In deze zaak heeft de schuldenares verzocht om toelating tot de wettelijke schuldsaneringsregeling (wsnp). De rechtbank Noord-Holland, zittingsplaats Haarlem, heeft op 10 augustus 2021 geoordeeld over dit verzoek. De rechtbank moet beoordelen of de schuldenares voldoet aan de wettelijke eisen voor toelating tot de wsnp. De rechtbank heeft vastgesteld dat de schuldenares in het verleden grote bedragen van haar werkgever heeft verduisterd en dat zij opnieuw frauduleuze praktijken heeft vertoond bij haar nieuwe werkgever. Deze feiten zijn van belang voor de beoordeling of de schuldenares te goeder trouw is geweest bij het ontstaan van haar schulden.

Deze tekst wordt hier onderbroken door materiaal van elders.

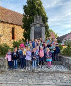 … und schon waren für uns Schülerinnen und Schüler der 1. und 2. Klasse die ersten Schulwochen vorüber. Wandertag war angesagt. Da lag Aufregung und Spannung in der Luft. Wir wollten unseren Schulstandort Hohenbucko erkunden. Mit Fibel-Mimi und Ferngläsern im Gepäck ging es zunächst zur Kirche. Wussten Sie, welch besonderes Tier die Wetterfahne dieses Gebäudes schmückt? Wir haben es entdeckt! Frau Krüger hat uns die Geschichte zum Tier auf der Wetterfahne vorgelesen. Das war interessant! Anschließend besichtigten wir das Denkmal vor der Kirche und Frau Schmidt erzählte uns, warum es errichtet wurde. WIR DANKEN HERRN ARNDT für die Unterstützung! Nun meldete sich der kleine Hunger – wir schauten beim Bäcker vorbei. Und siehe da – jeder bekam ein frisch gebackenes Brötchen geschenkt. Nicht nur dies, auch eine kleine Süßigkeit dazu. WIR SAGEN VIELMALS DANKE! Herr Strätz servierte uns heiße Würstchen dazu – da war unser Picknick am Dorfteich ein herrlich leckeres Päuschen. In Frau Krügers Erzählung war vom Tal die Rede. Dieses suchten wir wohl gestärkt. Wir wanderten bis zur Bergspitze und schauten ins Tal – dem Hohenbuckoer Bahnhof. Entlang der Kuhställe sollte unser letztes Abenteuer-Bildungsziel die Postsäule zu Hohenbucko sein. Leider verfehlten wir es, weil wir nicht rechts, sondern links abgebogen sind und landeten auf dem Spielplatz. Kurz entschlossen und vergnügt spielten wir noch ein paar Minuten bis es zur Schule zurückging. Nun bleibt unser Ziel – die Postsäule zu besuchen – für eine nächste Wanderung bestehen.

De rechtbank heeft geconcludeerd dat de schuldenares niet kan worden toegelaten tot de wsnp, omdat niet voldoende aannemelijk is gemaakt dat de schulden te goeder trouw zijn ontstaan. De schuldenares heeft een schuld aan het UWV van bijna €30.000, die is ontstaan door een aanvulling op haar inkomen waar zij geen recht op had. De rechtbank heeft geoordeeld dat de schuldenares niet aannemelijk heeft gemaakt dat zij te goeder trouw is geweest met betrekking tot deze schuld. Daarom is het verzoek om toelating tot de wsnp afgewezen.
De schuldeisers kunnen de schuldenares nog steeds tot betaling dwingen, en de uitspraak kan binnen acht dagen na de uitspraakdatum worden aangevochten bij het gerechtshof Amsterdam, met behulp van een advocaat.